Planning could further be complicated if legacy systems need to be available for historical purposes, such as regulatory reporting, for some undetermined period of time.
As an example, the legacy application could be converted to web services. Although the legacy piece would go away, some of the underlying OS support overhead may not and some utility programs may be used by other applications.
Recovering all resources consumed on a mainframe application is rare when it is moved to a different platform.
Larger, more comprehensive testing environments would be required to test all applications sharing common components because of interoperability complexity. This additional infrastructure could substantially increase testing expenses. As a result, capacity management may be called upon to employ modeling techniques to predict application performance based upon results produced in smaller test environments.
For outsourced services, capacity management will need to determine performance data requirements for inclusion in business process performance reporting. Obtaining data can be difficult if performance data accessibility is not addressed when the contracts are written. Capacity management must be involved in contract discussions to ensure needed data is available to ensure vendor service levels are met and business processes perform as expected.

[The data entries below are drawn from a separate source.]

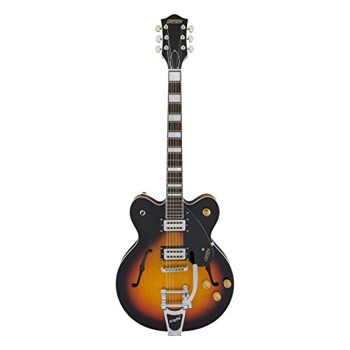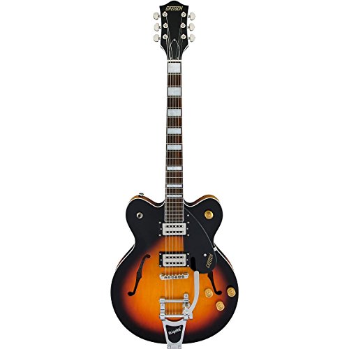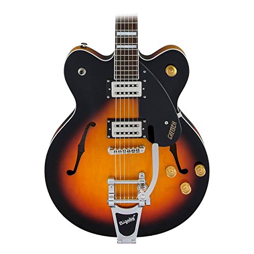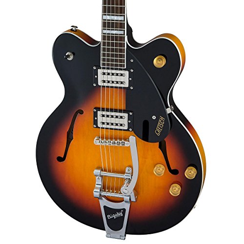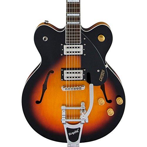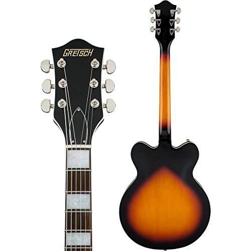 Studio : Gretsch Publisher : Gretsch Product Description Revitalizing the best elements from the past, the G2622T Streamliner Center Block Double Cutaway with Bigsby bursts into the modern music era with powerful sound and style. Brash and feedback-resistant, the sleek G2622T is designed for the guitarist who demands more than the mundane from an instrument-more performance, more style and most importantly, more volume-while retaining all you expect from a Gretsch.The secret to the Streamliner's sound is twofold-the Broad'Tron humbucking pickup and the spruce center block. Specifically designed by the expert engineers at Gretsch for the Streamliner, this high-output pickup spawns robust lows, pristine highs and a throaty midrange for a unique tone that blends well with other instruments in a band context. A lightweight spruce center block runs the length of the body, reinforcing the top while eliminating undesired feedback for volume-friendly performance on rocking stages. The Streamliner's sonic power is harnessed and shaped by the traditional control layout-neck and bridge pickup volume controls, a master tone control, master volume control and three-way pickup switching. A fast-playing 12"-radius rosewood fingerboard with elegant pearloid block inlays and 22 medium jumbo frets sits atop the white-bound nato neck with a thin "U"-shaped profile-ideal for chord work or fiery riffing. Add some shimmer and expression to your playing with the Bigsby-licensed B70 vibrato tailpiece while the Adjusto-maticTM bridge with anchored base and synthetic bone nut grant astounding tuning stability and accurate, slip-free intonation.All the classic eye-catching style you've come to expect from Gretsch is here-vintage-style gold control knobs, F Holes, elegant two-ply white and black body binding, slick-looking nickel hardware, single-ply black pickguard with Gretsch logo and arched laminated maple construction. 0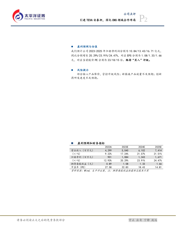 部分核心产品降价,管控升级风险;新镇痛产品放量不及预期;创新药研发进度不及预期。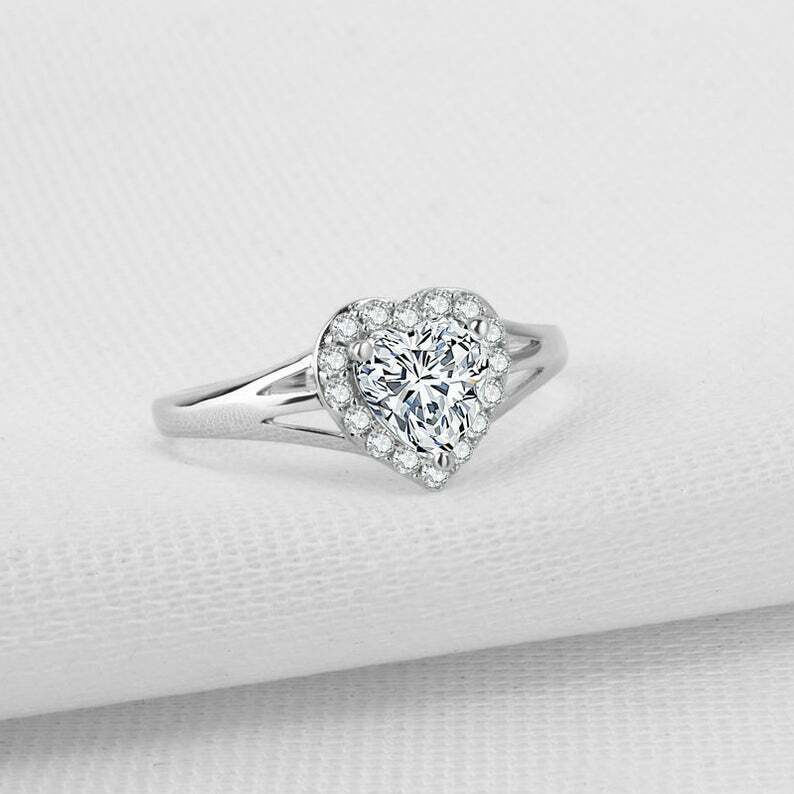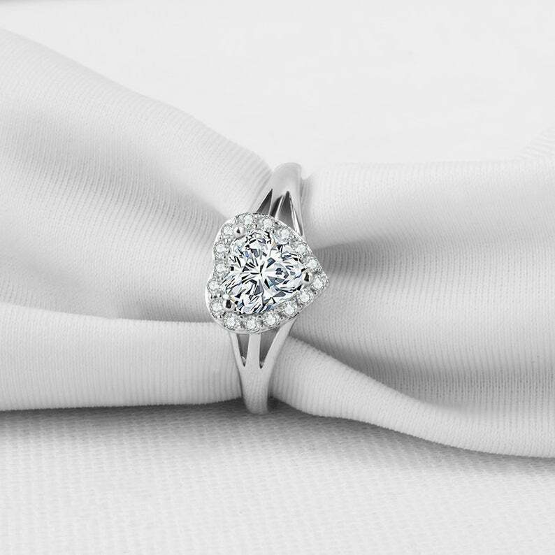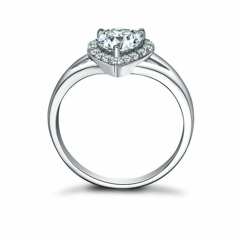 2ct Heart Diamond Engagement Ring Halo Split Band Solitaire 14k White Gold Over

Business processes may have durations measured in hours or days whereas IT process durations are usually measured in seconds or minutes. Capacity management may need to devise ways to associate reporting of IT events to business durations.
Conclusions
As you can see, capacity management work to support SOA is not much different from today. The same processes prevail, with a change in scope from individual platforms to business processes.
Since the viewpoint changes, new reports need to be created to supplement those in place supporting existing platforms. Where external services are used, reporting needs to be put in place to ensure vendors deliver expected levels of service and when they do not, provide the data required to escalate and resolve the issues.
Modeling becomes even more necessary to ensure service quality, plan for the future, and find and correct potential bottlenecks prior to negative impacts to production service quality.
Testing rigor requires a larger scope, requiring more testing resources. Using shared components and services require test practices that span different business processes to ensure code and performance quality for all processes using shared components and services. More rigorous monitoring is needed and modeling may provide lower cost options than large testing infrastructures to assure application performance.